Bibliothèque/Médiathèque de Saint-Christol-lez-Alès (Saint-Christol-lez-Alès)

Créateur de plusieurs collections majeures en Sciences humaines et en Histoire pour les éditions Gallimard dès le milieu des années 1960, l’Académicien Pierre Nora a aussi dirigé les trois volumes des Lieux de mémoire et fondé avec Marcel Gauchet la revue Le Débat. C’est à travers deux ouvrages qui sortent simultanément que nous pouvons mesurer le parcours et les rencontres extraordinaires de ce passionné d’histoire, découvreur de talents.

Après avoir édité plus de 700 livres, Pierre Nora s’autorise, comme il le précise dans son introduction d’Historien public, à s’éditer lui-même et doublement, puisque paraît également Présent, nation, mémoire, dans le prolongement direct des Lieux de mémoire qu’il a dirigé de 1984 à 1992. Au moment où les éditions Gallimard fêtent leur centenaire, il semble légitime d’accorder toute la place qu’il mérite à celui qui restera comme la figure emblématique de l’édition en Sciences Humaines.
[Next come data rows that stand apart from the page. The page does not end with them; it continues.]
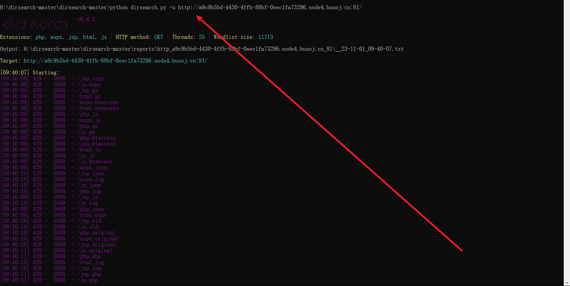 python dirsearch.py -u [http://a9c9b5bd-4430-4ffb-88bf-0eec1fa73296.node4.buuoj.cn:81/](http://a9c9b5bd-4430-4ffb-88bf-0eec1fa73296.node4.buuoj.cn:81/)
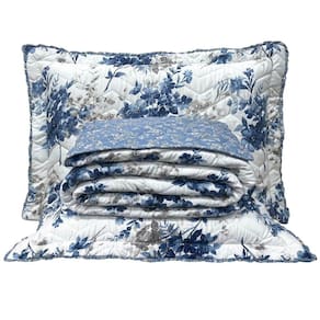 Cobre Leito King Confort Print Micropercal 300 Fios Toque De Algodão 3 Peças - Flores Azuis
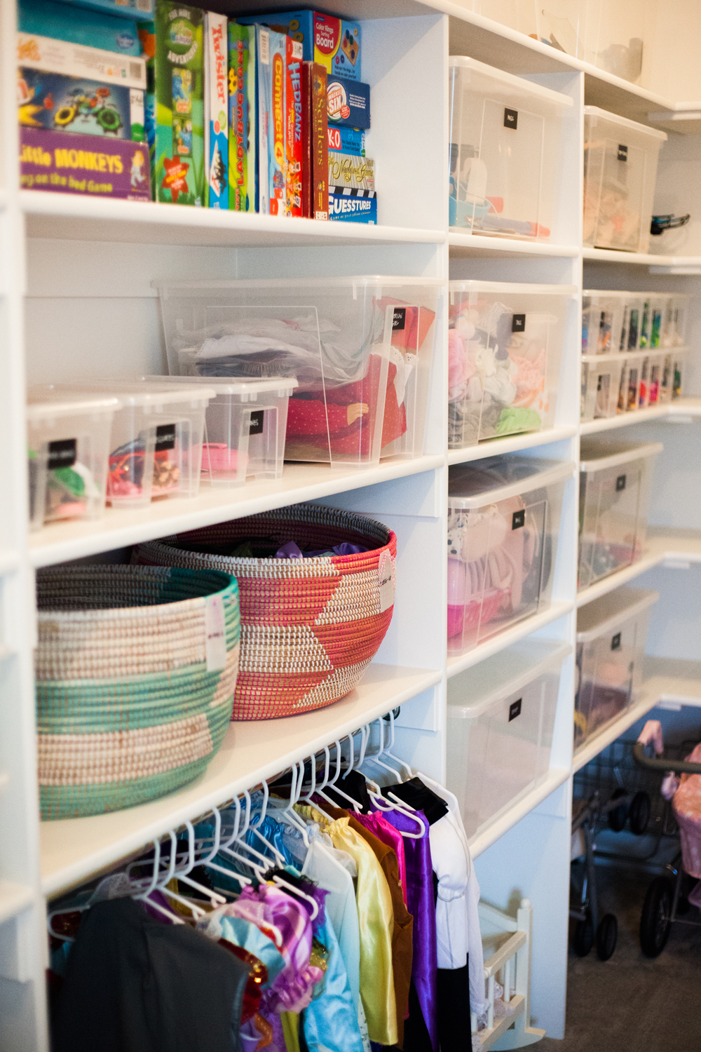 I think my number one favorite thing about the playroom closet is the “extra box”. It is the simplest concept, but has made the biggest difference with attitudes during clean up. All I did was add an extra clear box, that isn’t the designated home for anything. My people know that if we are in a rush to clean up, and there are a few odds and ends, they can throw everything in that extra box. Usually once a week or so, they know they have to go through the extra box and put things where they really go. It keeps the room looking clean + organized all the time, and has saved us from a lot of whining!
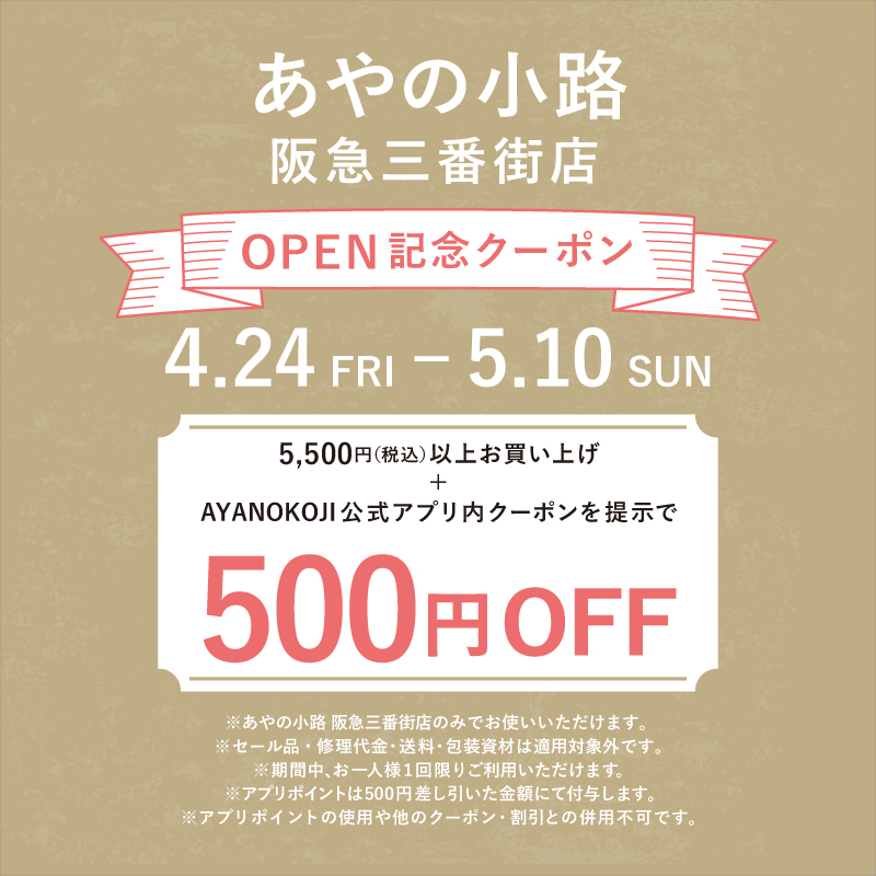あやの小路 阪急三番街店にて、期間中5,500円(税込)以上お買い上げいただくと、アプリの500円OFFクーポンをご利用いただけます!ぜひこの機会にお買い物ください♪
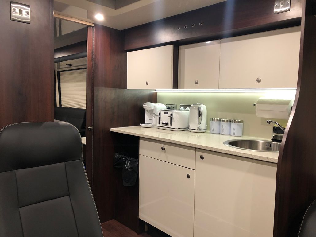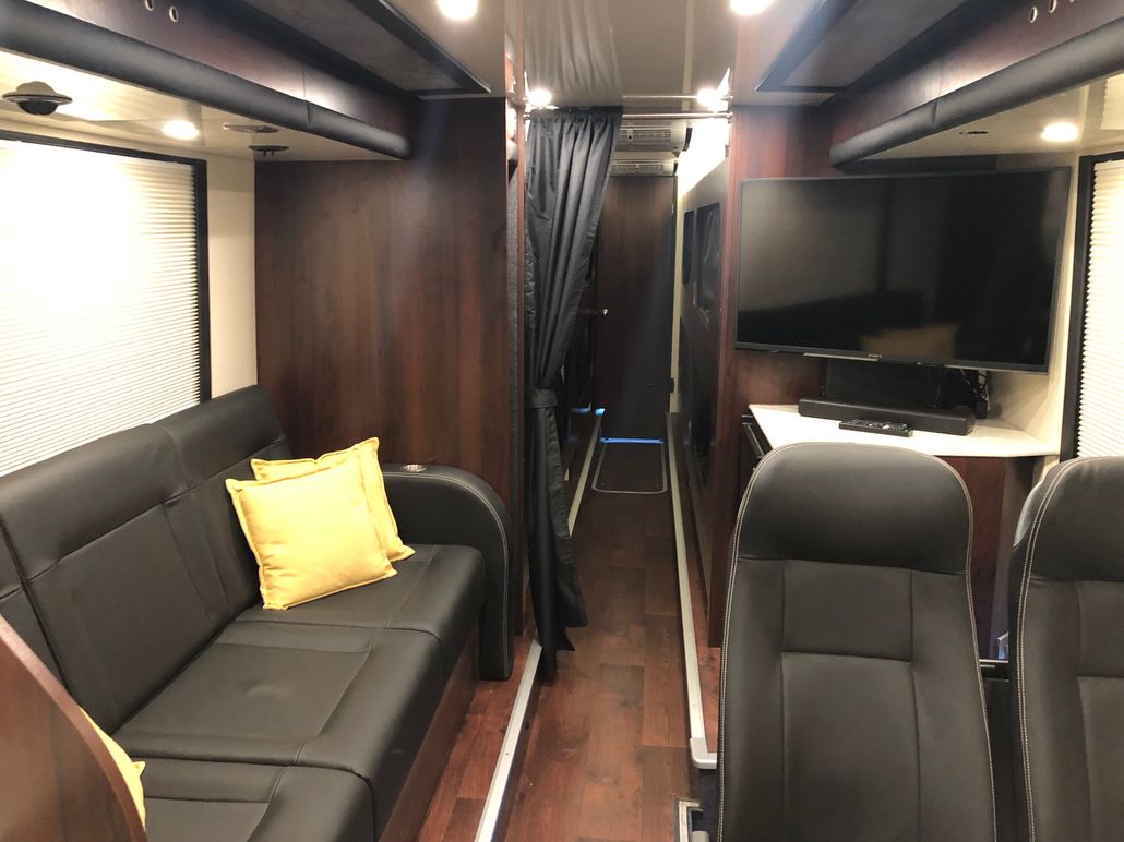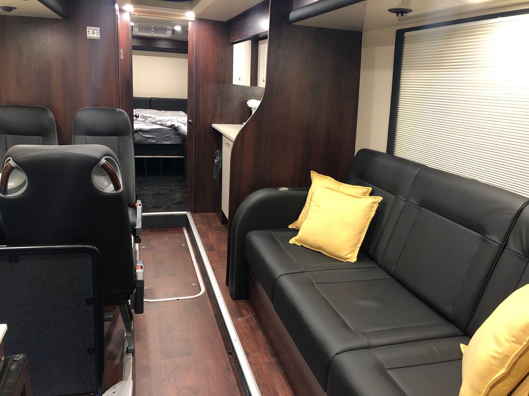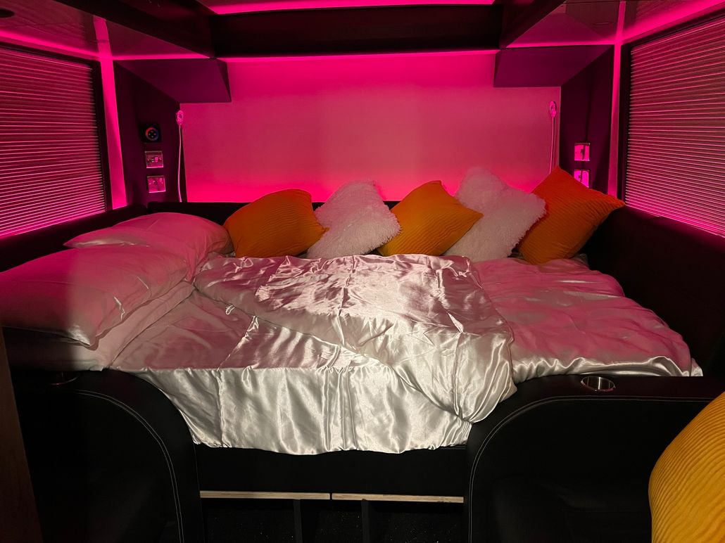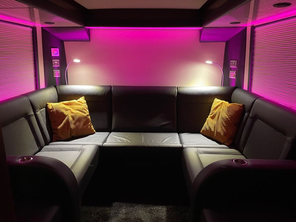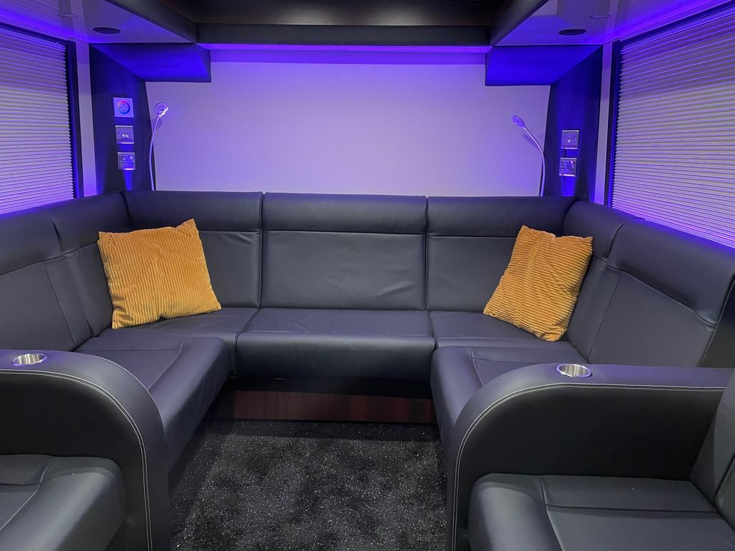 We have 2 of these specially built single deckers. Each has 8 very large bunks with memory foam matress, soft touch duvet and hotel quality pillows. Every bunk is 2 meters or 6.7 ft in length with huge headroom. Both have been designed to our own specification and are completely identical in design and layout. Each bunk has it’s own private locker and digital safe. Every bunk has it’s own 16″ flat screen TV with movie media player giving each passenger their own choice of movie selection. There is a lounge in the centre of the bus with seats around a table opposite a large sofa comfortable seating up to 7 people. In this lounge there is a Sony Bravia flat screen TV, bluetooth soundbar, movie hard drive & PS4. The kitchen has the usual tour bus facilities. In the rear lounge there is an additional large flat screen Sony Bravia TV, bluetooth soundbar, movie hard drive & PS4. This rear lounge has a an inter connecting en- suite bathroom and shower and can also be converted to a private Star Bedroom with double bed for an individual artist.There are 3 rooftop air conditioning pods that give separate temperature controlled areas of the bus. The rear lounge has it’s own roof top pod giving it separate climate control which is great if it’s converted to the Artists Bedroom.

On peut citer quelques-uns des auteurs publiés par Pierre Nora pour mesurer son rôle majeur : Raymond Aron, Georges Dumézil, Henri Mendras ou Michel Foucault pour la « Bibliothèque des Sciences humaines », Michel de Certeau, Jean-Pierre Vernant, Georges Duby ou François Furet pour la « Bibliothèque des histoires ». Plus que cela, nous verrons que la vie de cet admirateur de Marc Bloch est marquée par l’engagement, comme l’atteste la revue Le Débat qui n’a cessé de faire avancer le débat d’idées en défendant la liberté de penser et en proposant des perspectives intellectuelles souvent en avance sur le temps.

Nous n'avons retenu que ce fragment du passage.